Пошли втроем… Машенька, кстати, склонялась к материнскому мнению. Папенька, понятное дело, на исторические события еще тридцать лет назад насмотрелся, а им взглянуть хоть одним глазком не мешает.
Проезжих перед шлагбаумом скопилось на удивление немного. Хотя место было бойкое, именно здесь сходились воедино три тракта: приведший их сюда Московский, и Варшавский, и еще один тракт, не длинный, но содержавшийся не в пример лучше двух первых, – соединял он столицу с Царским Селом, с резиденцией государыни-императрицы.
По разумению Машеньки, за то не столь уж малое время, что они простояли у Средней Рогатки, здесь должна была скопиться длинная вереница самых разных экипажей. Но нет, кроме их кареты и трех возков с пожитками, виднелись еще три крестьянских упряжки, явно едущие не из дальних мест: две телеги, груженые мешками с мукой, да дроги с хлыстами нестроевого леса. Еще стояла пароконная грузовая фура, крытая, вид у нее был казенный, но откуда едет и что везет, не понять.
Была еще бричка, стоявшая поодаль, наособицу, – дорогая, с кожаным новеньким верхом, а стати коней смогла оценить по достоинству даже Машенька, ни в коей мере не лошадница.

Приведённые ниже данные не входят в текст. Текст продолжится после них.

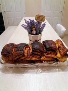 A kockákat sütőpapírral bélelt püspökkenyér formába sorakoztatjuk élével (most nézem, én nem is úgy tettem. Igazából így is szépre sült :D)Megkenjük a tetejét a maradék vajjal és fahéjas cukorral. Újabb 50 percig pihentetjük.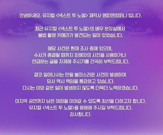 '넥스트 투 노멀'의 제작사 엠피앤컴퍼니는 공식 SNS를 통해 "최근 뮤지컬 '넥스트 투 노멀'의 배우 분장실에서 불법 촬영 카메라가 발견되는 일이 있었다. 해당 사건은 현재 조사 중이며, 수사가 종결될 때까지 피해자의 사진을 사용하거나 언급하는 글을 자제해주시기를 부탁한다"고 당부했다.

И все. Больше ни повозок, ни всадников. Странно… Обычно глашатаи не объявляют в людных местах о наступающих исторических событиях, не призывают мирных обывателей сидеть дома, воздержавшись от поездок. Исторические события, так уж заведено, случаются неожиданно для людей, в тайных пружинах истории не сведущих.
Но папенька растолковал: на подеъздах к столице тройное кольцо застав, первую они проехали беспрепятственно, а сразу после того дорогу перекрыли. Он давно заметил и удивился: катят вроде неспешно, но никто, вопреки обыкновению, не обгоняет.
Вид брички и впряженных в нее добрых коней вселил в папеньку надежды.
– Курьерские… Как бы не генерал едет. Ему-то шлагбаум подымут, может, и мы проскочим…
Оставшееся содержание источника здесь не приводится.